For purchase order workflows, an agent generates order proposals, and OCL checks whether the order value is within internal approval thresholds and whether it conflicts with existing supplier contracts before execution. For approval management, an agent proposes to approve a request, and OCL verifies whether the designated approver has the right authority and whether the request is within policy scope.

For compliance and risk management teams, this is particularly compelling. Instead of reacting after the agent does something it shouldn’t, OCL forces policy validation before execution. That’s preventive governance rather than remediation.

There are real implementation considerations: building and maintaining the policy definitions inside OCL is non-trivial, and the layer adds latency to each workflow step. But the underlying design principle — separating proposal generation from execution authorization — is likely to become a standard element of enterprise AI deployment.

If your team is currently evaluating LLM agent deployment, one question worth asking right now: do your workflows have an explicit execution authorization step separate from the agent’s proposal phase? Just having that checkpoint in place dramatically reduces worst-case scenarios.

Without a “stop” layer, automation is too risky to scale

Many teams find themselves stuck: they want to increase automation through LLM agents, but fear of misexecution prevents them from moving forward.

OCL offers a way out of that stalemate. Not “the AI must be perfectly accurate before we use it,” but “we can use it if imperfect proposals are filtered by human-controlled checkpoints.”
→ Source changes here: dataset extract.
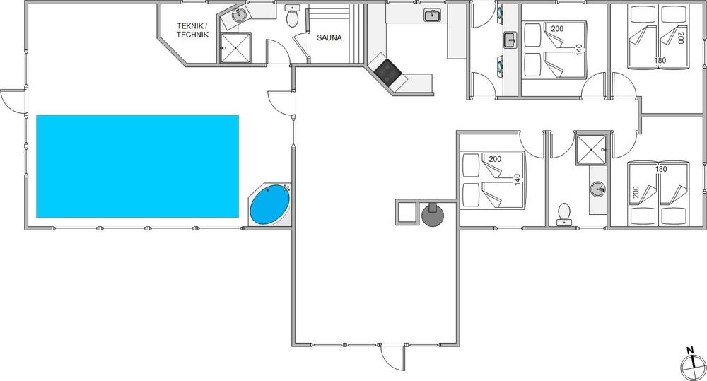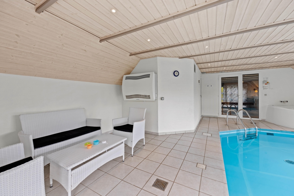 Neben dem Wohnbereich liegt der große Poolraum, wo sich auch der Whirlpool befindet. Hier könnt ihr stundenlangen Spaß für Jung und Alt genießen. Während die Kleinen im Pool planschen, können sich die Erwachsenen im Sprudelbad entspannen.

Accept that AI makes mistakes. Design so those mistakes don’t get executed.

Adding this layer as standard equipment — not as an afterthought — is one of the next practical conversations in operational AI deployment.

That’s it for today!

Reference

  1. Tianyu Shi, Yang Mo, Yiou Liu, Zhuonan Hao, Yin Wang, Wenzhuo Hu, Nan Yu, Meng Zhou, Jiangbo Yu (2026). Organizational Control Layer: Governance Infrastructure at the Execution Boundary of LLM Agent Systems. arXiv preprint.

* This article was written in part with AI assistance and may contain inaccuracies.